Why? Why this kind of preaching? Luther didn’t do that, Luther preached a gospel and an epistle, while Spurgeon didn’t do that. Why did Calvin do it this way? Here are three possible reasons.

Then you feel in your conversion the horror he felt. He saw, through the inner testimony of the Holy Ghost, the majesty of God revealed in the word, and looked through the church, and said, “What a terrible abandonment of the saints and precious word?And his whole life became: “I will spread this word every day for the rest of my life. Is that very valuable? That’s reason number one.

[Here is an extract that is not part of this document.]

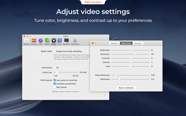 ApplicationApplicationsEntertainment Elmedia Player Pro 8.24 by mac torrent January 30, 2026 January 30, 2026 ( Elmedia Player Pro 8.24 )Loading... Elmedia Video Player is a free media player for macOS. It can play pretty much any file type, be it AVI, MP4, FLV, WMV, MKV, MP3, M4V etc. Elmedia Video Player is an all-in-one solution, that doesn’t call for any additional plugins or codecs. Elmedia Player is available for Apple TV now! This player has a wonderful HD experience to offer to its users thanks to a native hardware accelerated decoding that unloads the processor and brings the smooth and clean video onto the screen. Highlights: Video and audio playback Keep the player on top of all apps to never miss a moment of the movie. Will play any audio track including external. Offers its own volume control. Works great with various subtitles files. Supports Eastern Asian languages, Arabic, Hebrew, etc. Lets you create & manage playlists. Fit the image to your screen. Adjust the playback speed. Supported formats Audio: mp3, m4a, wma, aac, ac3, aiff, ape, flac, mka, ogg, pcm, ra, vaw, waw, wav, aif, oga, caf, midi, mid, acm, dts, mpa, webm Video: 3gp, avi, mp4, mpeg, vob, flv, mov, mkv, 3iv, asf, fli, m1v, m2t, m2ts, m2v, m4v, mp2, mpg, mpg2, mpg4, mpv, mqv, nut, nuv, nsv, qt, ram, rec, rm, rmvb, ts, vcd, vfw, wmv, webm, rv, f4v, ogv, ogm, divx, asx, dat, tp, mjp, yuv, xvid, vc1, mtv, mxf, qtz, dv, hdv, 3g2, mts Subtitles: utf, srt, ass, smi, txt, ssa, smil, jss, rt, idx, sub, xml Flexible settings When watching a movie with subtitles Elmedia Video Player can put them in perfect sync with the video in case there is some mismatch. No conversion needed to play a DVD or a video that was copied from DVD. Extra useful features of Elmedia Video Player PRO! Adjust brightness, contrast, saturation, and more even during playback. Make the sound perfect for your ears with a 10-band equalizer. Choose one of existing presets (Large Hall, Party, etc.) or create your own unique sound. Make a screenshot of any moment in the movie or make the entire video a series of pictures with adjustable interval. Take the most out of virtual surround and speakers emulation. Select the output device for audio. Transmit AC-3/DTS through S/PDIF. A couple of other convenient playback possibilities: Select the language for the sound and subtitles; Set up which monitor will show fullscreen; Flip, rotate and mirror the video; Loop any part of movie or music video continuously; Deinterlace and image enhancement. AirPlay! Elmedia can stream to different AirPlay devices and other Mac computers with Elmedia installed. Things to note: No need to convert any files like AVI, FLV, MKV, 3GP videos to watch them on Apple TV. Note: Elmedia Player does not stream VIDEO_TS, .swf, and .exe files. Embedded and external subtitle files are supported by the player. With Elmedia you can stream YouTube videos to Apple TV. YouTube videos in FLV, MKV, 3GP formats are not supported by AirPlay. Top In-App Purchases: Pro Version – included Compatibility: macOS 10.12 or later, Mac App Store https://geo.itunes.apple.com/app/id1044549675 Screenshots Name: Elmedia_Player_8.24_Mactorrents.Me.dmg Size: 152 MB Files Elmedia_Player_8.24_Mactorrents.Me.dmg[152 MB] Download Torrent Related Posts:Elmedia Player Pro 8.18Elmedia Player Pro 8.17Elmedia Player 8.18Elmedia Player Pro 8.16 ElmediaPlayerPro 0 comment TwitterRedditTelegramEmail mac torrent MacTorrent - Torrents in Mac. Free Apps, Games & Plugins. Apple Final Cut Pro & Logic Pro X, Adobe Photoshop, Microsoft Office, Pixel Film Studios, previous post Privatus 7.3 next post Infuse Pro 8.3.4 (8.3.5450) BETA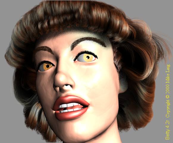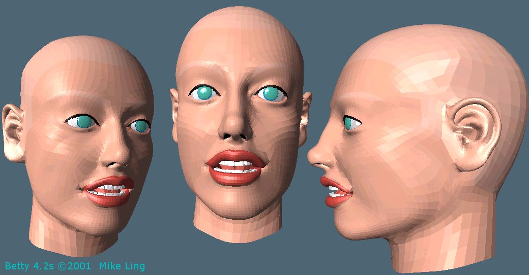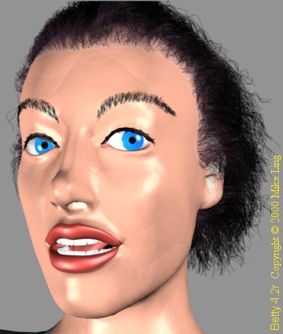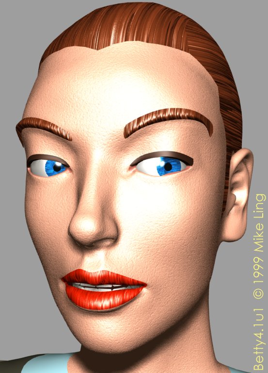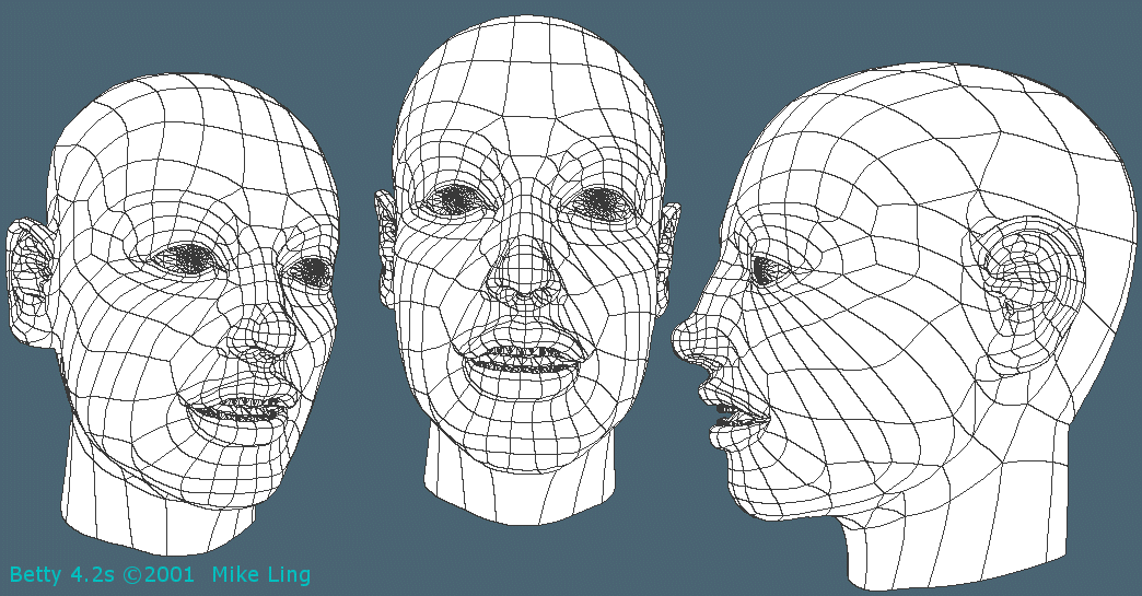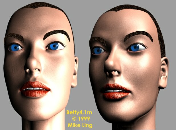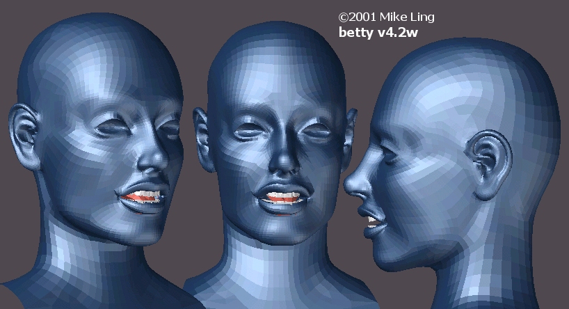 Version 4 Betty was built from a smooth shifting from a metaformed cube. Using the experience I had gained from making Betty v3 and various low poly modeling projects, I had begun designing a recipe for constructing heads. Benefits of this recipe are that the heads have a large amount of detail while being frugal polygon-wise. Prior to version 3, the heads were made from low poly-count spheres, which produced a lot of wasted polygons. Version 3 Betty was created as a low poly count head that also worked both as a metanurbs cage and standalone, but unfortunately. it did not seem ideal for making morph targets by merely moving a few polygons. Improvements introduced in

May the shepherds courageously challenge all things by the word of God. May they retain all the power, glory, and excellence of the world to yield and obey the divine majesty of this word. Call them all, from the highest to the lowest. May they build the body of Christ; that devastate the kingdom of Satan; that sheep herders should kill wolves, teach and exhort the rebels; Can they stop and release thunder and lightning, if necessary, but do everything according to the word of God?(Sermons on the Epistle to the Ephesians, xii).

In other words, the code phrase is the divine majesty of his word

Calvin believed that if his purpose in life was to illustrate the glory of God, and if the glory of God is revealed uniquely and authentically in the word of God, the complete exse of the word would be the most complete display of glory. that’s how he argued. And that’s my personal conviction when I ask myself, “Can you do this any other way than preach?How about teaching only with a Datashow?What about the lectures?What about the CDs sent to China?Preaching?

I don’t know what Calvin would say, but I’m a preacher and I need to believe what I’m doing, I want to know why I’m so attracted to him and I think the answer is that nothing will replace and the reason I believe in preaching, not teaching alone, not reading the Bible alone, because the congregation in a text will always be there, because God wants for himself , in the fulness of his glory, to be exalted, glorified, honest and dear.

And something about this act of worship goes beyond analysis, it points to more than an explanation. Explanatory jubilation stands out. That’s what I like to call it. Preaching is the time to worship the word. It’s an explanatory joy. And wherever concentration is alive in God, wherever God’s supremacy reigns in the heart of a people, something will say to him, “Pastor, do more for us than explain ourselves to God. Love him with us, love him with us, with us, try him with us, rejoice in him with us and rejoice in him with us, why do we need to see him alive and burning in you?And that’s called preaching.

? Exultation of the exhibition? It is a book built on the basis of two previous titles:?A peculiar glory and “Supernatural Reading of the Bible”. In this article, John Piper aims to demonstrate that the purpose of the sermon is not only to explain the text, but also to provoke praise by being, in itself, an expression of worship of God.